As far as we know, there are currently five stores that are paywalled: Two mod shops, a clothing store, a salon, and a tattoo parlour. All offering customisation options that, at this point, I deem an integral part of this series’ identity. It feels criminal that a game touting itself as the “most immersive GTA experience yet” has the very real potential to constantly pull me out of that immersion by reminding me that I’ve yet to spend an extra 20 bones any time I get within the vicinity of these ‘premium’ stores.
Who knows if we’ll even be able to enter any of these stores with our paltry, peasant $80 purchase? Will the doors be locked entirely, prompting me to open the store page and fork out for the upgrade? Will I be able to enter, but told that I’m not quite elite enough to get a new paint job—of either the vehicular or manicure variety? There’s no winning strategy here besides paying the full, big hundo. And even then, I still feel like I’m losing.
(Image credit: Rockstar)
To me, it’s a bad sign of what’s to come. Not just for GTA, but for videogames. Locking off little pockets of the map for only the biggest spenders does not feel good, especially when it’s for a singleplayer game. It doesn’t even seem to be ending at cosmetics, either—the pre-order page also lists “action” as something reserved for the Ultimate Edition buyers.

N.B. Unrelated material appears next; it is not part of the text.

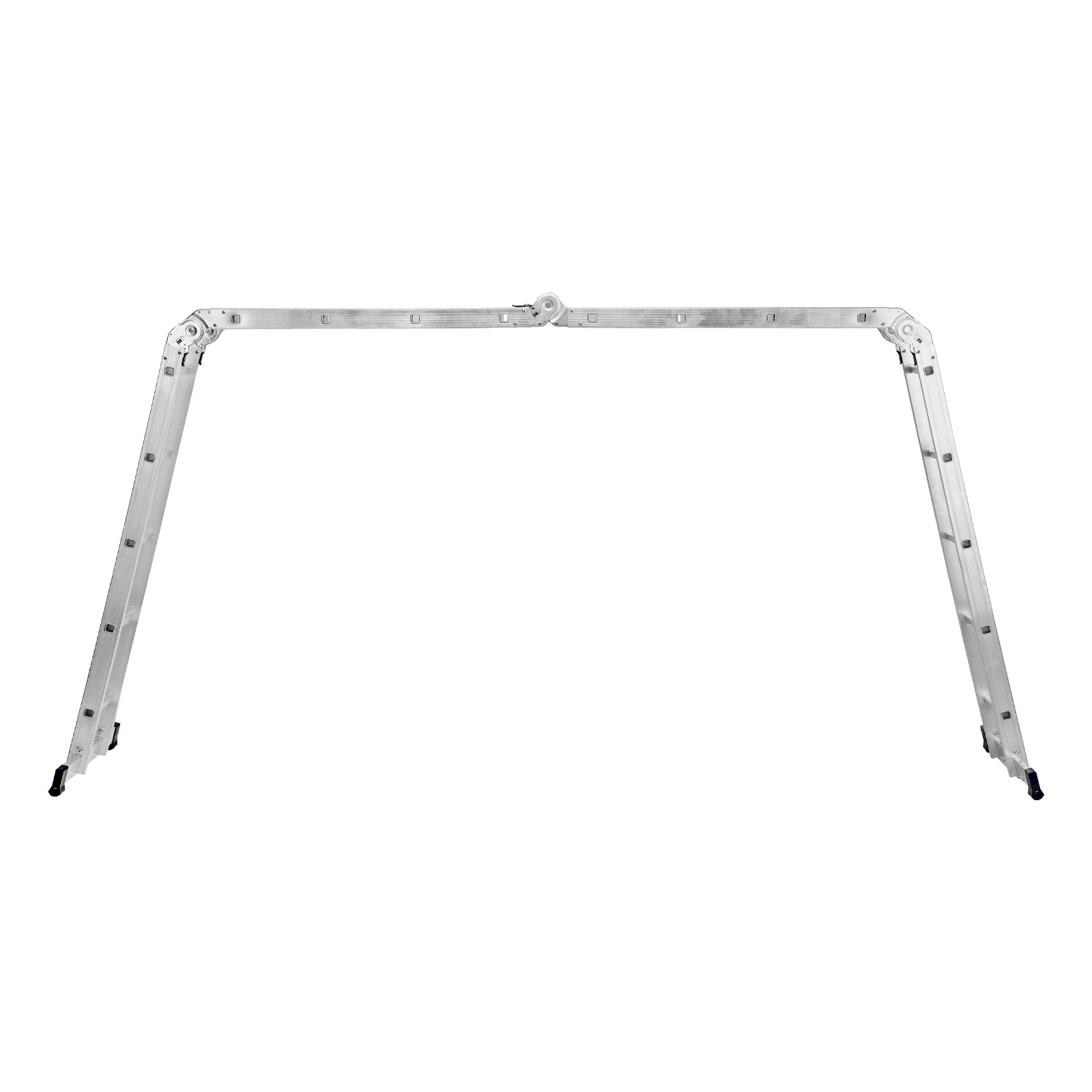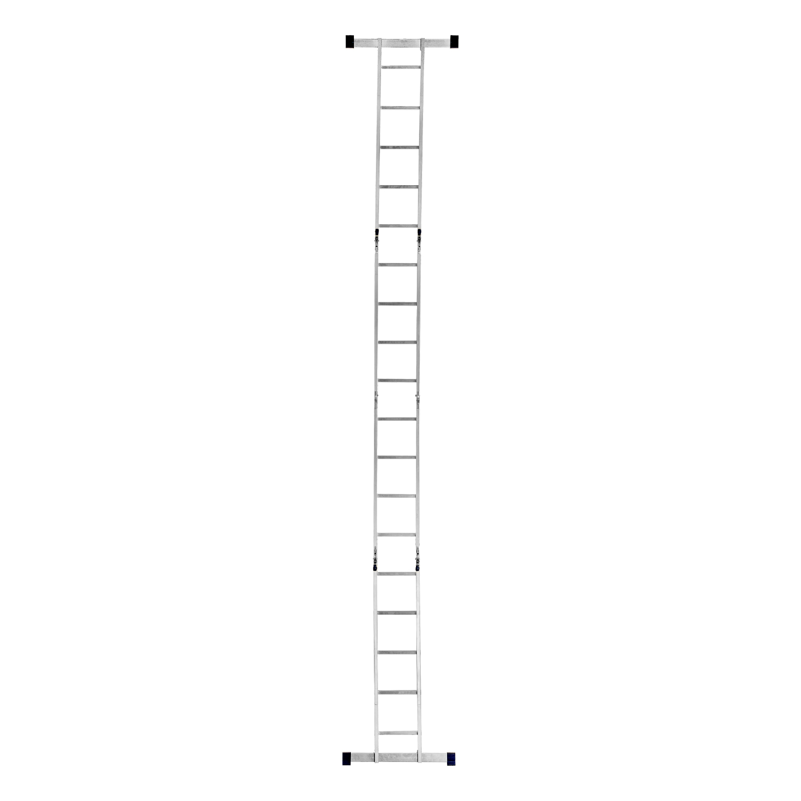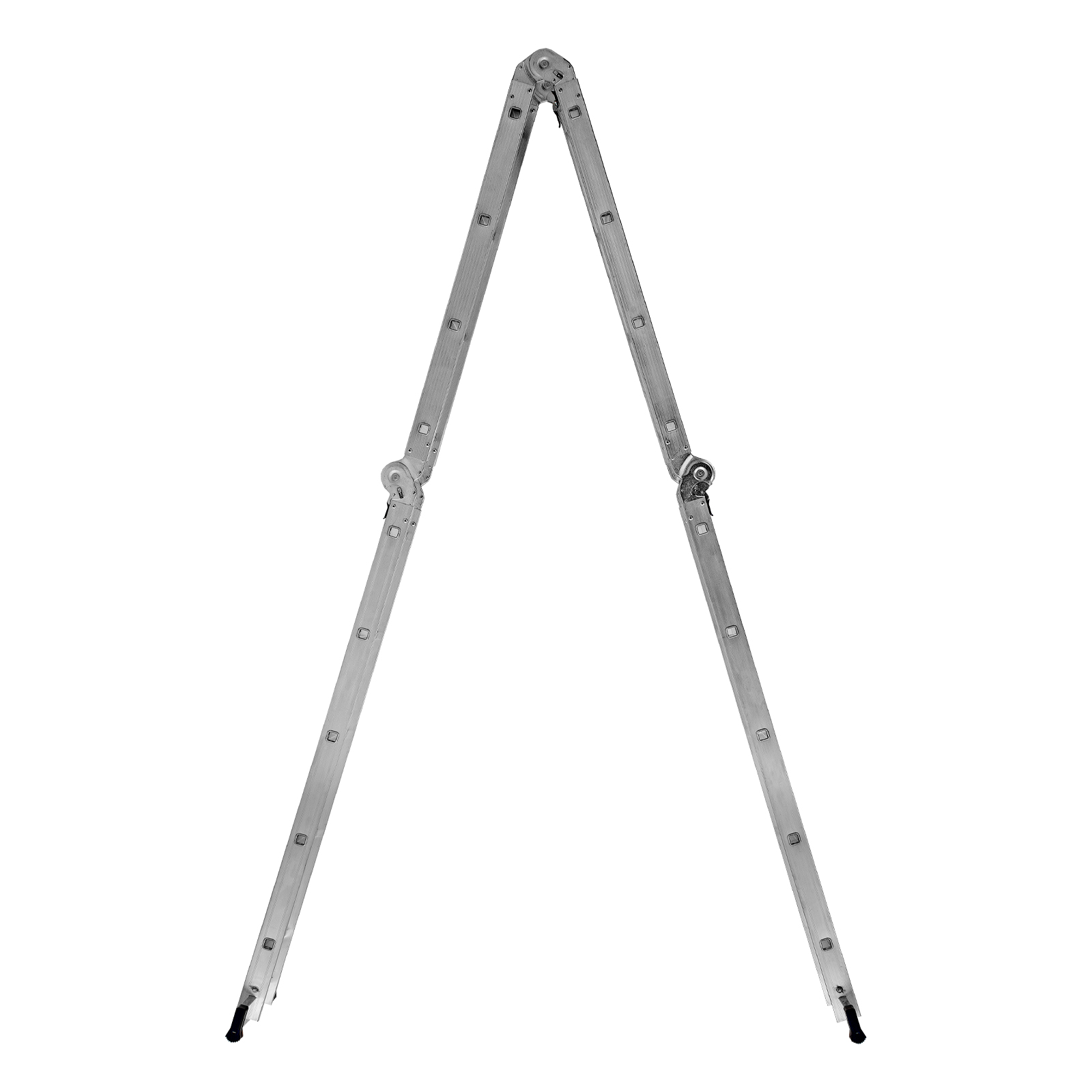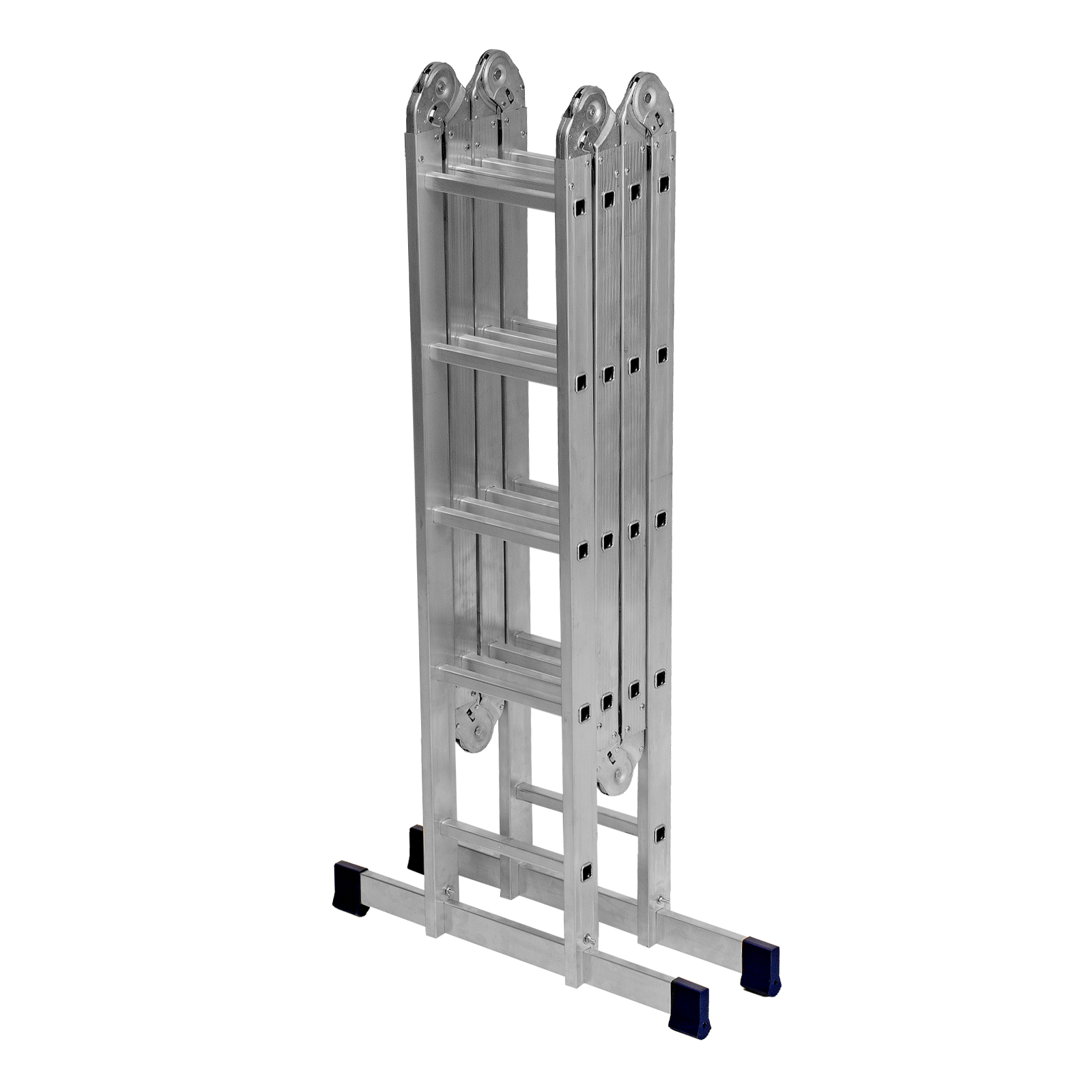 Шарнирная алюминиевая лестница Сибртех 97884 представляет собой 2 секции по 4 ступени и 2 секции по 5 ступеней, которые можно настроить в нескольких рабочих положениях. Она может использоваться в качестве приставной лестницы, двухсторонней стремянки и помоста. Будет полезна как в быту, так и на небольших стройках, в гараже и магазинах.

What that looks like isn’t totally clear right now—at the very least, it seems to be referring to a series of side missions called PTT Youngin$ Compound and Scores, where you’ll raid this gang’s store for contraband and special items. This stuff used to be in the game for no additional cost, guys! Come on, now.
The worst part is, this is going to work. The FOMO of shuttered stores and exclusive cars will entice a whole bunch of people to settle on the more expensive version. And quite frankly, I can’t blame them. But I also wish Rockstar had simply folded all of this in and offered a flat $100 videogame. That probably would’ve pissed people off too, but I’d prefer this over paywalling stuff that’s been a part of the series for years and acting like it’s some kind of cool bonus. Instead, the whole thing comes off as mighty greedy.